When managed_by="user" is set, the connector skips DDL entirely — you're responsible for creating and dropping the schema. Record-level upserts and deletes still work.
from collections.abc import AsyncIterator
from dataclasses import dataclass
import cocoindex as coco
from cocoindex.connectors import neo4j
KG_DB: coco.ContextKey[neo4j.ConnectionFactory] = coco.ContextKey("kg_db")
@dataclass
class Document:
filename: str
title: str
summary: str
@coco.lifespan
async def coco_lifespan(builder: coco.EnvironmentBuilder) -> AsyncIterator[None]:
builder.provide(KG_DB, neo4j.ConnectionFactory(
uri="bolt://localhost:7687",
auth=("neo4j", "cocoindex"),
database="neo4j",
))
yield
@coco.fn
async def app_main() -> None:
schema = await neo4j.TableSchema.from_class(Document, primary_key="filename")

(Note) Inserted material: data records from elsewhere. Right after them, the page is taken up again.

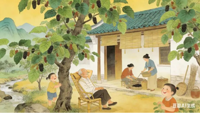 “维桑与梓,必恭敬止“,意思是桑树和梓树是父母长辈亲手栽种,留给子孙后代享用的,见到“桑梓”,就如同见到父母般要恭恭敬敬。桑梓自古常代指故乡,如今这一词已成为中华文化中表达乡土情结的重要符号。“造福桑梓”“反哺桑梓”这些成语,都表达了为家乡做贡献的美好情感。了解了这层文化渊源,再看看我们手中的这颗紫色小果,是不是更添几份亲切和敬意?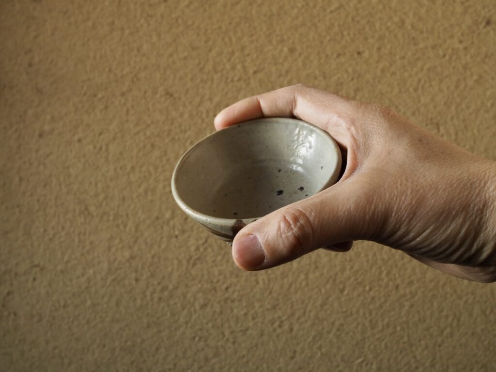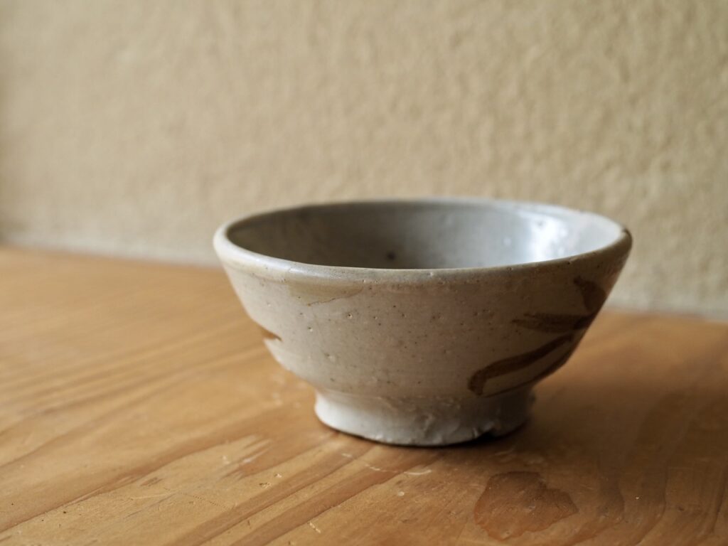 手におさまりの良いサイズの井戸形盃で、明るい灰白色の肌にチョコレート色の草花文が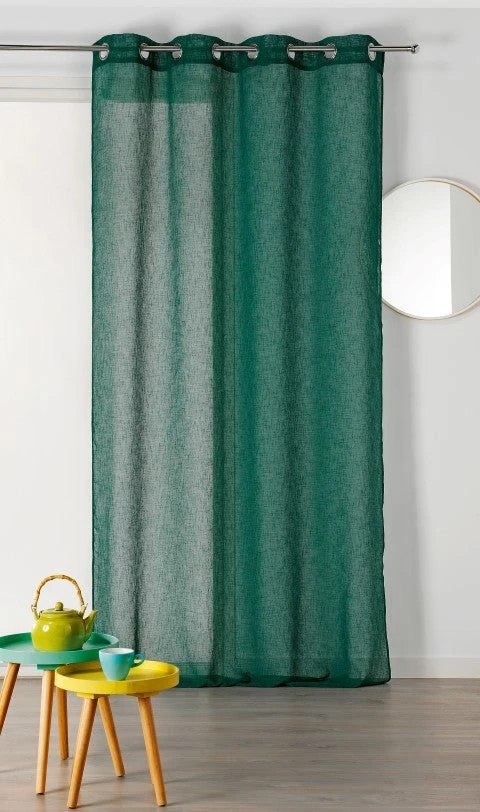 Voilage Transparent, Linum Vert Foncé L.140 X H.240 Cm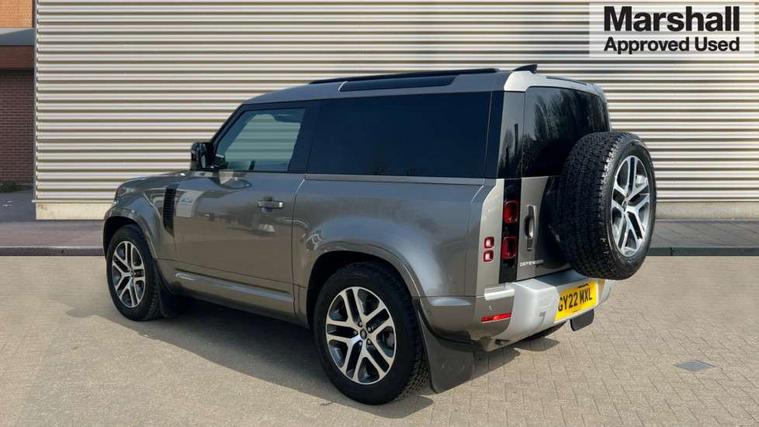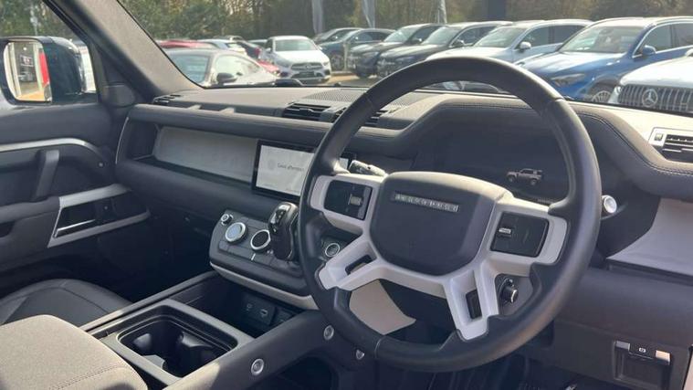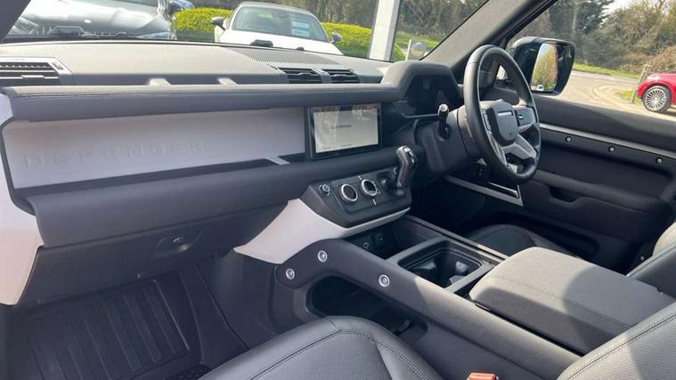 360 degree parking aid, 3D Surround Camera with 360 View, 180 Rear View, Front Traffic Detection, Forward Vehicle Guidance, Tow Hitch Assist and clear sight Ground View, Android Auto, Apple CarPlay, Assisted tailgate with soft close, Blind spot assist, Bluetooth system, Brake pad wear indicator, Clear exit monitor, Connected navigation pro, Cruise control + speed limiter, Driver condition monitor, Electric power assisted steering (EPAS), Lane keep assist, Push button start, Rear traffic monitor, Traffic sign recognition with adaptive speed limiter, Trip computer, Wade Sensing, 8 speed automatic transmission, Adaptive dynamics, All wheel drive system, Electronic air suspension, Twin speed transfer box, DAB Radio (Digital Audio Broadcasting), Meridian 400w sound audio system with 11 speakers and subwoofer, Pivi pro connected, Automatic headlight levelling, Automatic headlights, Body coloured roof, Centre high mounted stop light, ClearSight interior rear view mirror, Electric heated/power fold door mirrors with approach lights and auto dimming driver side, Electric windows with one touch open/close and anti-trap, Follow me home lighting, Front fog lights, Heated rear window with timer, Heated windscreen, Illuminated metal treadplates with brand name script, LED tail lights, Matrix LED headlights with signature DRL, Panoramic rear side glass, Privacy glass, Puddle lights, Rain sensing windscreen wipers, Rear fog lights, Rear wiper, Side hinged tailgate, Sliding panoramic roof, Trailer stability assist, 12 way heated and cooled electric memory front seats with 2 way manual headrests, 12V power socket in loadspace, 3 seat bench in 2nd row, 40:20:40 fixed rear seats with centre armrest, Alpine lights, Durable rubber cabin flooring, Durable rubber loadspace flooring, Electric cabin pre conditioning, Electric reach + rake adjustable steering column, Footwell lights, Front centre console refrigerator compartment, Grained Leather upholstery, Heated steering wheel, Leather gearshift, Light oyster morzine headlining, Loadspace cover, Loadspace Hook, Multifunction steering wheel, Overhead stowage for sunglasses, Premium cabin lighting, Rear headrests, Rear ISOFIX, Rear reading lights, Single front passenger seat, Standard interior, Standard leather steering wheel, Standard seat configuration, Storage glovebox, Sunvisors with illuminated vanity mirrors, Twin front cupholders with cover, Online pack with data plan - Defender, XS Edition exterior pack - Defender, 5 x 3 point seatbelts, ABS, Brake hold function, Cornering brake control (CBC), Cross car beam in light grey powder coat brushed finish, Customer configurable autolock, DSC - Dynamic Stability Control, EBD - Electronic brakeforce distribution, Electric parking brake (EPB), Emergency brake assist, Emergency braking, ESP + traction control, Front airbags with passenger seat occupant detector, HDC - Hill descent control, Hill launch assist, Low traction launch, Remote for (e-Call, Optimised assistance call, InControl app, Climate, beep and flash and door), RSC - Roll stability control, Seat belt reminder, TPMS (Tyre pressure monitoring system), Alarm, Immobiliser, Intrusion sensor, Keyless entry, Locking wheel nuts,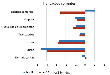 Em janeiro de 2020, o déficit em transações correntes totalizou US$11,9 bilhões, ante déficit de US$9,0 bilhões no mesmo mês de 2019. A elevação no déficit decorreu da retração de US$3,6 bilhões no saldo da balança comercial, parcialmente compensada pelas reduções de US$506 milhões e de US$182 milhões nas despesas líquidas de renda primária e de serviços, respectivamente, e pelo aumento das receitas líquidas de renda secundária, US$96 milhões. O déficit em transações correntes nos doze meses encerrados em janeiro de 2020 somou US$52,3 bilhões (2,85% do PIB), ante US$49,5 bilhões (2,69% do PIB), em 2019.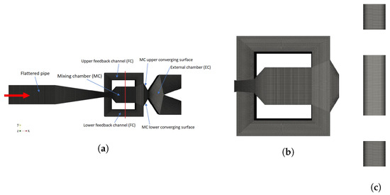 In 2018, the same configuration previously employed by [1], although now using a single exit, was numerically evaluated in 3D at Reynolds 30000 using the SST turbulent model by Pandley and Kim [9]. Two geometry parameters, the mixing chamber inlet and outlet widths were modified. They observed a significant effect of the flow structure and the feedback channel flow rate when modifying the inlet width, negligible effects were observed when modifying the outlet width. The output frequency and amplitude effects whenever the (FC) and the mixing chamber (MC) lengths were modified, was studied using a 2D numerical model by Seo et al. [10], the fluid was considered as incompressible, the Reynolds number employed was 5000. They observed that an increase of the feedback channel length generated no modifications on the output frequency, the same observation was previously obtained by [11], in both cases the flow was defined as incompressible, being the reason why the simulations could not provide the correct information. On the other hand, the increase of the mixing chamber length, generated a clear reduction on the actuator output frequency. They defined the length scale to be employed to properly non-dimensionalize the oscillation frequency.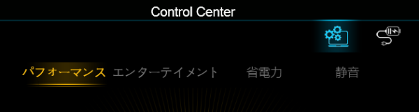 本製品は、「Control Center」のソフトから、以下のようにパフォーマンスを変更することができます。ここでは「エンターテイメント」モードおよび、高いパフォーマンスが出る「パフォーマンス」モードで、各種ベンチマークを計測しました。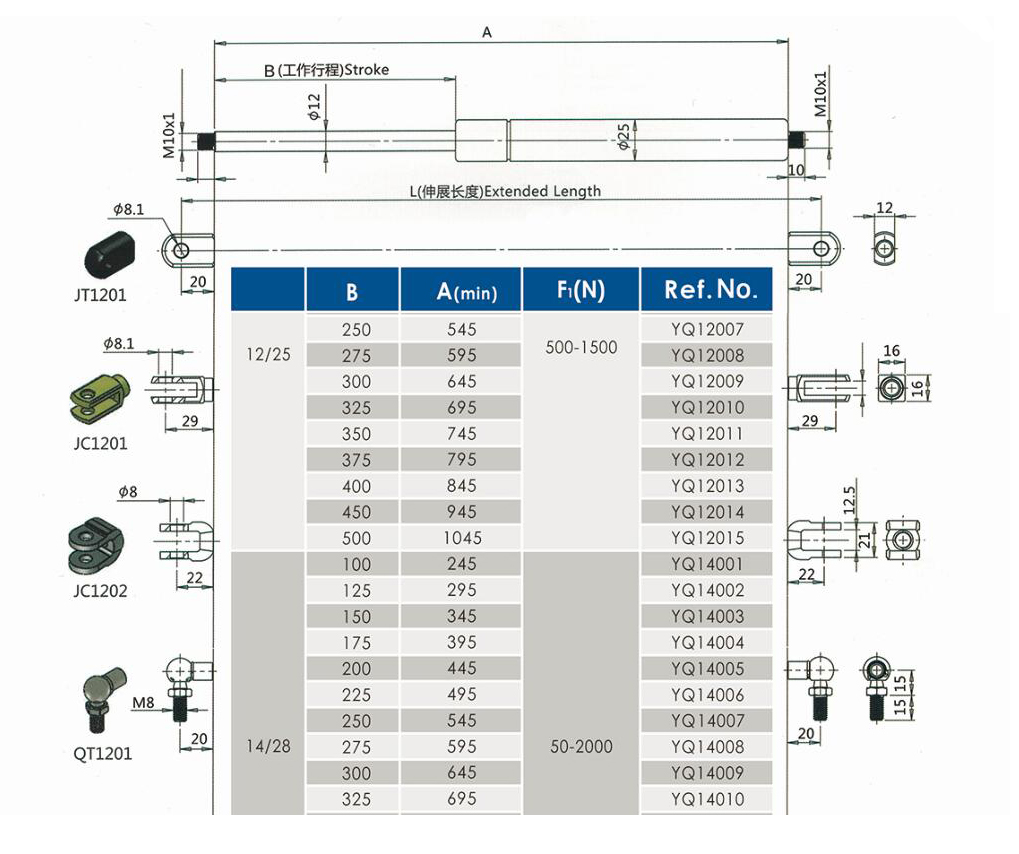 注:由于氣彈簧是非標準的,以上僅為型號的一部分。我們可以根據客戶的要求定制。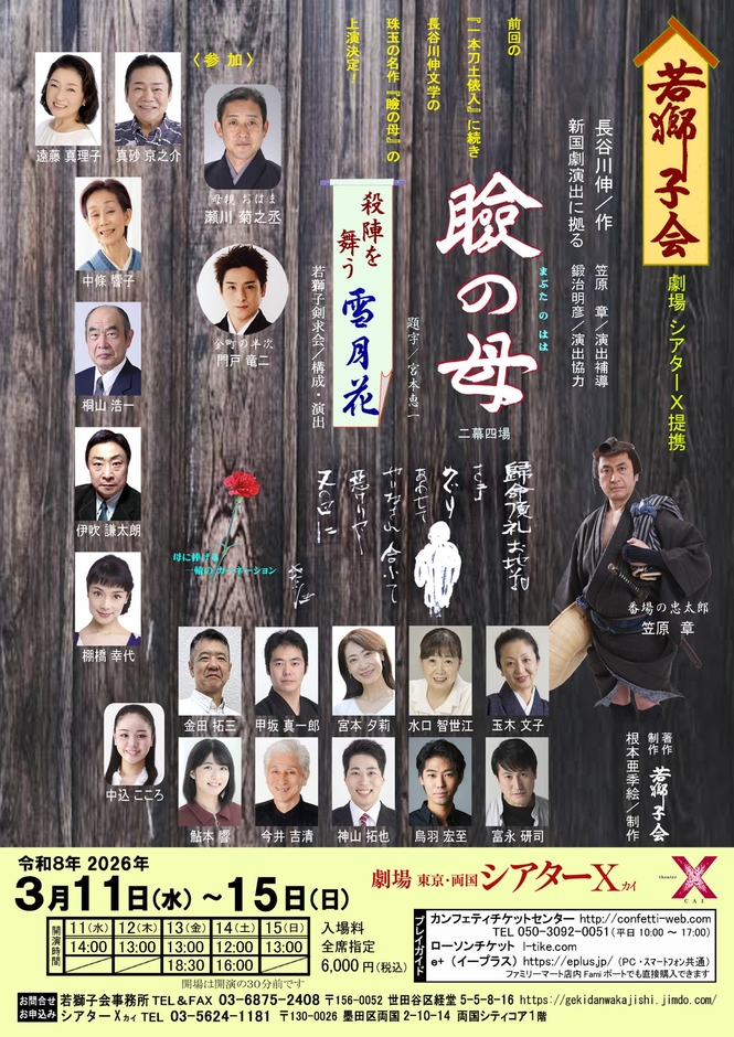 『瞼の母』『殺陣を舞う 雪月花』が2026年3月11日 (水) 〜 2026年3月15日 (日)にシアターX(シアターカイ)(東京都 墨田区 両国 2-10-14)にて上演されます。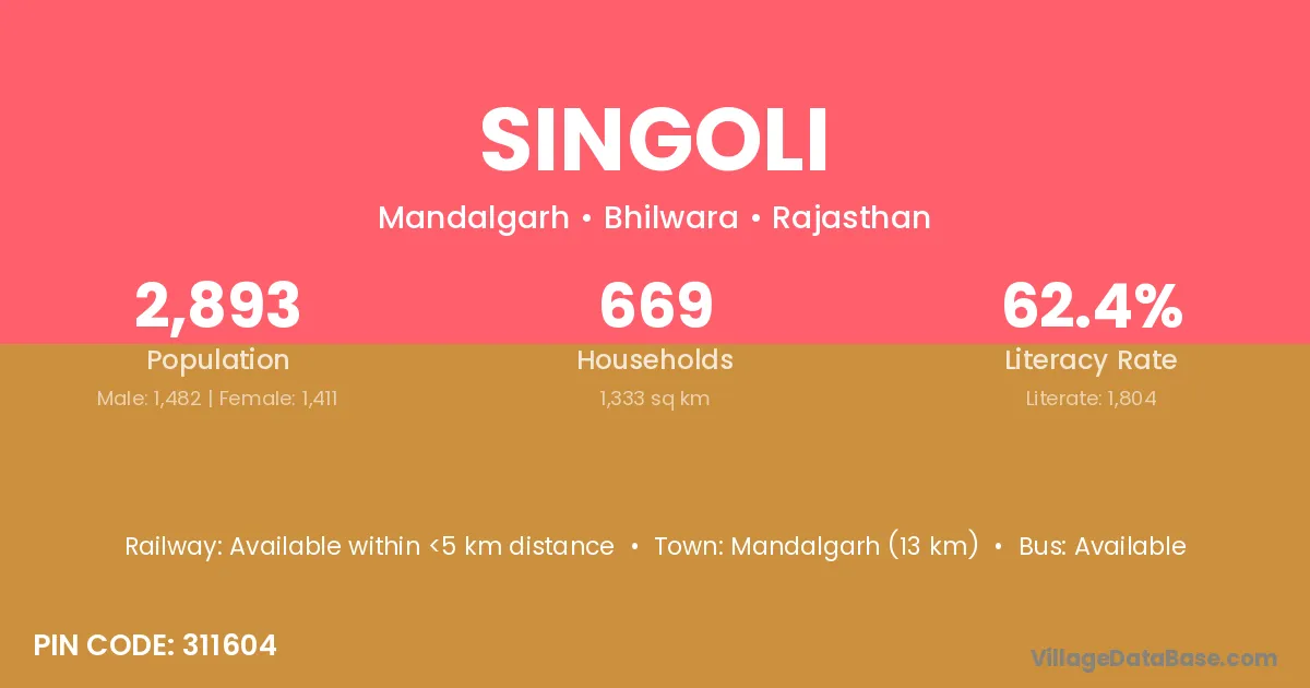 The literacy rate of Singoli village is 76.84%. Male literacy stands at 88.75% and female literacy at 67.01%.
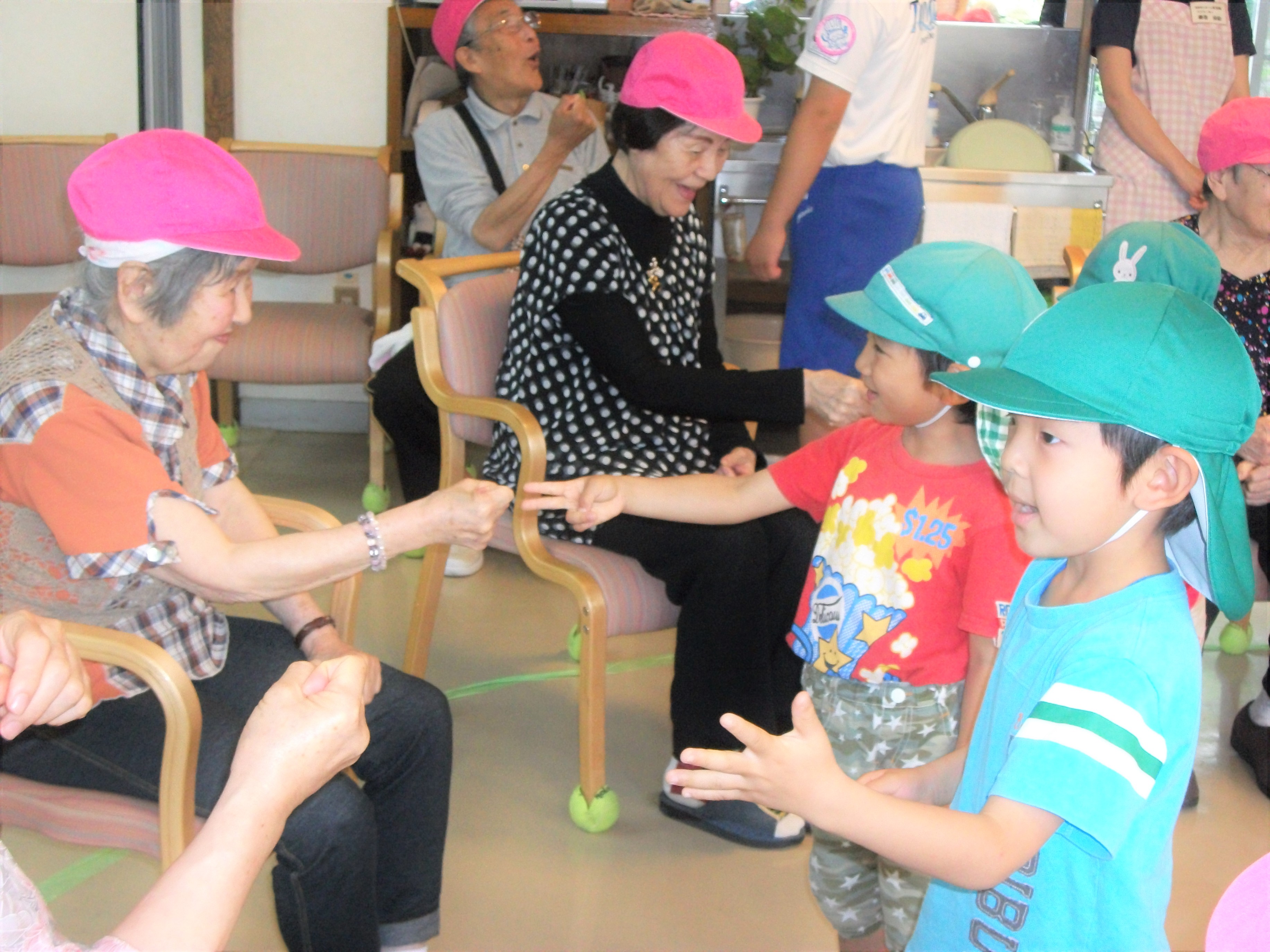 お年寄りを敬愛する心や社会的弱者の方たちを思いやる優しい心を育んで欲しいと願い、併設養護老人ホームとの交流行事を毎月実施しています。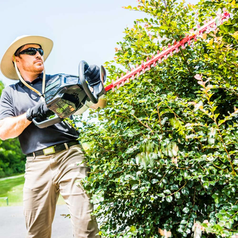 - Powered by GreenWorks’ 82V lithium-ion battery system (battery not included), this hedge trimmer delivers consistent power for trimming thick branches and shrubs with ease.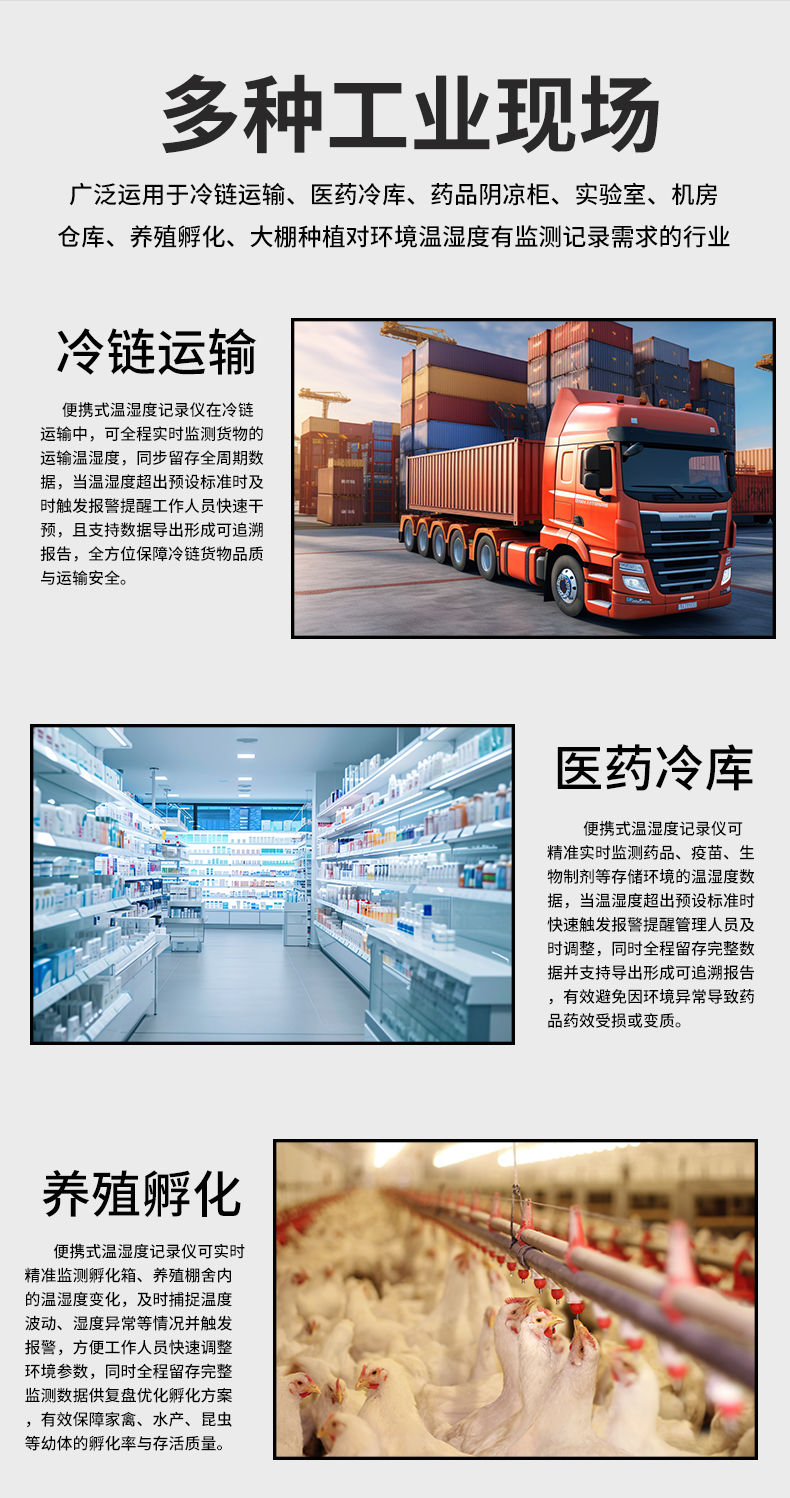 虹潤(rùn)公司是專(zhuān)業(yè)生產(chǎn)環(huán)境監(jiān)測(cè)儀表的國(guó)家專(zhuān)精特新“小巨人”企業(yè)。生產(chǎn)的便攜式溫濕度記錄儀,具有溫濕度記錄與轉(zhuǎn)存,手機(jī)充電電池,磁吸或壁掛安裝,故障報(bào)警提示,配上位機(jī)軟件等特點(diǎn)。產(chǎn)品獲得一種手持式低功耗溫濕度檢測(cè)儀、無(wú)紙記錄儀等2項(xiàng)國(guó)家發(fā)明專(zhuān)利,主持起草物聯(lián)網(wǎng)智能溫度儀表通用技術(shù)條件、冷鏈溫度記錄儀等2項(xiàng)國(guó)家標(biāo)準(zhǔn),通信系統(tǒng)多通道數(shù)據(jù)采集控制終端規(guī)范軍用標(biāo)準(zhǔn),以及現(xiàn)場(chǎng)設(shè)備集成等5項(xiàng)智能制造國(guó)家標(biāo)準(zhǔn),參與國(guó)際5G標(biāo)準(zhǔn)制定,取得便攜式溫濕度記錄儀等3項(xiàng)相關(guān)軟件著作權(quán)。產(chǎn)品廣泛應(yīng)用于冷鏈運(yùn)輸、醫(yī)藥冷庫(kù)、藥品陰涼柜、實(shí)驗(yàn)室、機(jī)房倉(cāng)庫(kù)、養(yǎng)殖孵化、大棚種植等諸多領(lǐng)域。
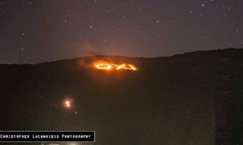 Στο βουνό που υψώνεται πάνω από το χωριό, πήρε τη θέση του, το πύρινο όχι που ανάβει από το 1966.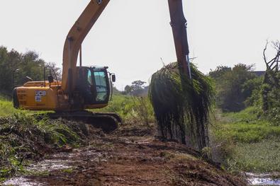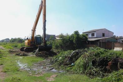 Porto Alegre, RS. 04/02/2026. DMAE realiza a retirada de macrófitas do canal da Estação de Bombeamento de Águas Pluviais n°10, no bairro Sarandi.

documents = await neo4j.mount_table_target(
KG_DB, "Document", schema, primary_key="filename",
)
documents.declare_record(
row=Document(
filename="overview.md",
title="Overview",
summary="An overview of CocoIndex...",
)
)
app = coco.App(coco.AppConfig(name="docs_to_neo4j"), app_main)
@dataclass
class Entity:
value: str
@dataclass
class RelationshipRow:
id: str
predicate: str
@coco.fn
async def kg_app_main() -> None:
documents = await neo4j.mount_table_target(
KG_DB, "Document",
await neo4j.TableSchema.from_class(Document, primary_key="filename"),
primary_key="filename",
)
entities = await neo4j.mount_table_target(
KG_DB, "Entity",
await neo4j.TableSchema.from_class(Entity, primary_key="value"),
primary_key="value",
)
relationships = await neo4j.mount_relation_target(
KG_DB, "RELATIONSHIP",
entities, entities,
await neo4j.TableSchema.from_class(RelationshipRow, primary_key="id"),
primary_key="id",
)
# populate ...
documents.declare_record(row=Document(filename="overview.md", title="Overview", summary="..."))
entities.declare_record(row=Entity(value="CocoIndex"))
entities.declare_record(row=Entity(value="Neo4j"))
relationships.declare_relation(
from_id="CocoIndex",
to_id="Neo4j",
record=RelationshipRow(id="rel-1", predicate="writes_to"),
)
kg_app = coco.App(coco.AppConfig(name="kg_app"), kg_app_main)
The Entity table is declared up-front (via mount_table_target) so its uniqueness constraint is reconciled before any RELATIONSHIP edge MERGEs entity endpoints. The relationship's three-MERGE pattern (source endpoint → target endpoint → edge) means missing endpoints are auto-created — but it's good practice to declare them explicitly so deletion-cascade behavior stays predictable.